А тут процесс врачей-убийц, много врачей знакомых. В общем, жутко было. Машина дежурила все время под окном. Каждый звонок ночью заставлял вскочить. Звук остановившейся машины – и сердце забьется; я чувствовал – долго не протянуть.
Уже вызывал меня Рязанов, заместитель Большакова, намекал: работать мы вам позволим, но группу буду подбирать сам, будете под особым наблюдением. Я сказал:
– Режиссер, который не может набрать группу, уже не режиссер.
Он говорит:
– Ну, ваше дело. А чем займетесь?
Я говорю:
– Сценарии буду писать.
– А мы их ставить не будем. Вы поймите, Михаил Ильич, речь идет о вашей работе, а может быть, и больше. Мы о вашем благе заботимся. Мы сохранить вас хотим.
Эрмлер был в это время уже уволен в документальную кинематографию. Арнштам уволен, Райзман в Латвию куда-то. В общем, сладко было.
Ну, чувствовал я, что, вот, последние дни; уже примерялись мы с Лелей, что будет, как будет, что делать, если это случится?
А тут – подох!
Ну, объявления в газетах, траурные речи. На улицах миллион народа. Масса погибших в давке – все это знают. Растерянная Наташка. В доме растерянность. Только отчетливо помню: сознанием я понимал – слава богу, может быть, будет легче! Может быть, уцелеем.
А сердце как-то не мирилось, потому что в то же время я сердцем как-то верил в Сталина. Помню, Леля меня ночью спрашивает, глаза широко открыты:
– Роммочка, что же с нами будет?
Я ей говорю:
– Леля, хуже не будет… хуже не будет. – Говорю, и сам не верю.
Вот в этом странном состоянии, в котором многие тогда пребывали, решил я пойти к одному знакомому – хорошему человеку, большому, умному человеку. Жил он в Доме правительства. Решил просто пойти, поговорить с ним. Незадолго до этого Леля у него была, еще до смерти Сталина, рассказывала, что со мной творится, как меня травят, что происходит, и говорит ему:
– Может быть, к Берии пойти?
Он ей:
– Упаси вас бог появляться у этого человека, упаси вас бог!
Пошел я к нему, говорю ему: так и так, мол. Имя-отчество не хочу упоминать, он меня ведь не уполномочил рассказывать-то.
– Что будет?
Он говорит:
– Давайте пойдем на кухню, там можно спокойнее говорить.
Повел меня на кухню, пустил воду из крана, зажег четыре конфорки газовые и говорит:
– Расскажу я вам одну историю.
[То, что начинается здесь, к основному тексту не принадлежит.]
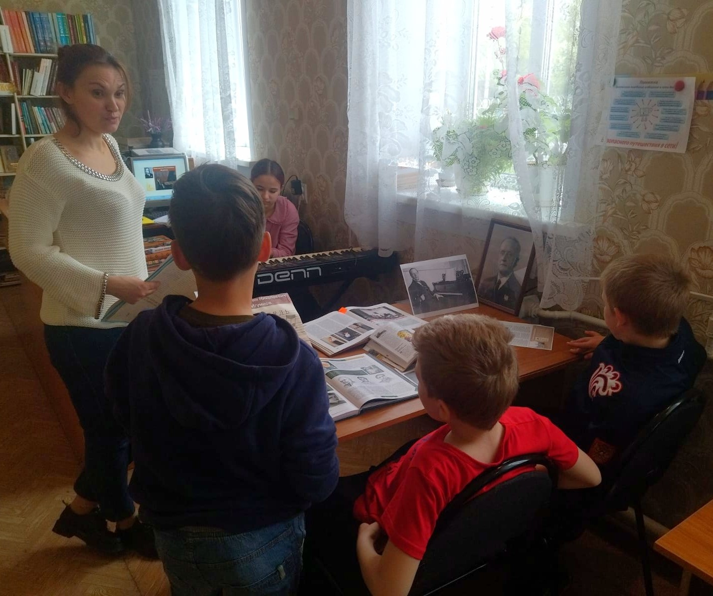 Из рассказа библиотекаря юные читатели узнали о жизни и творчестве гениального пианиста, особый интерес вызвал период детских лет будущего маэстро К.Н. Игумнова. Дети посмотрели документальный фильм "Константин Игумнов с учениками в консерватории" и прослушали отрывки из музыкальных произведений Чайковского в исполнении самого К.Н. Игумнова. Вниманию детей были представлены книги и газетные материалы посвященные жизни и творчеству великого русского пианиста, что позволило прикоснуться к великому творческому наследию, окунуться в атмосферу, в которой жил и работал Константин Николаевич, узнать о людях, которые свято хранят память о великом пианисте, развивают его творческие и педагогические идеи.

Несколько лет назад я получил высокое назначение. Получил от Сталина. Поручено мне было составить доклад по одному очень важному делу.
(Но я тоже этого дела излагать не буду, потому что сразу будет понятно, к кому это я пришел.)
– Доложить должен был на Политбюро. Вот прихожу, являюсь на Политбюро первый раз в жизни. Сидят все члены Политбюро, Сталин во главе. Ну, тут Маленков, Каганович, Берия, Ворошилов, Молотов, – все. Докладываю. Докладываю объективно: дело крупное, потребует огромных капиталовложений, которые должны пойти за счет других отраслей народного хозяйства. Поэтому, естественно, надо было подумать, идти на него или не идти. Ну, я доложил, выслушали все, первое слово берет Ворошилов, говорит: «А зачем нам это? Огромные капиталовложения, придется сократить другие, очень важные отрасли, в том числе вооружение армии, развитие промышленности, строительство. А эффект какой? Не нужно нам это, в общем, пока что». И пока Ворошилов говорил, Сталин чуть-чуть нахмурился.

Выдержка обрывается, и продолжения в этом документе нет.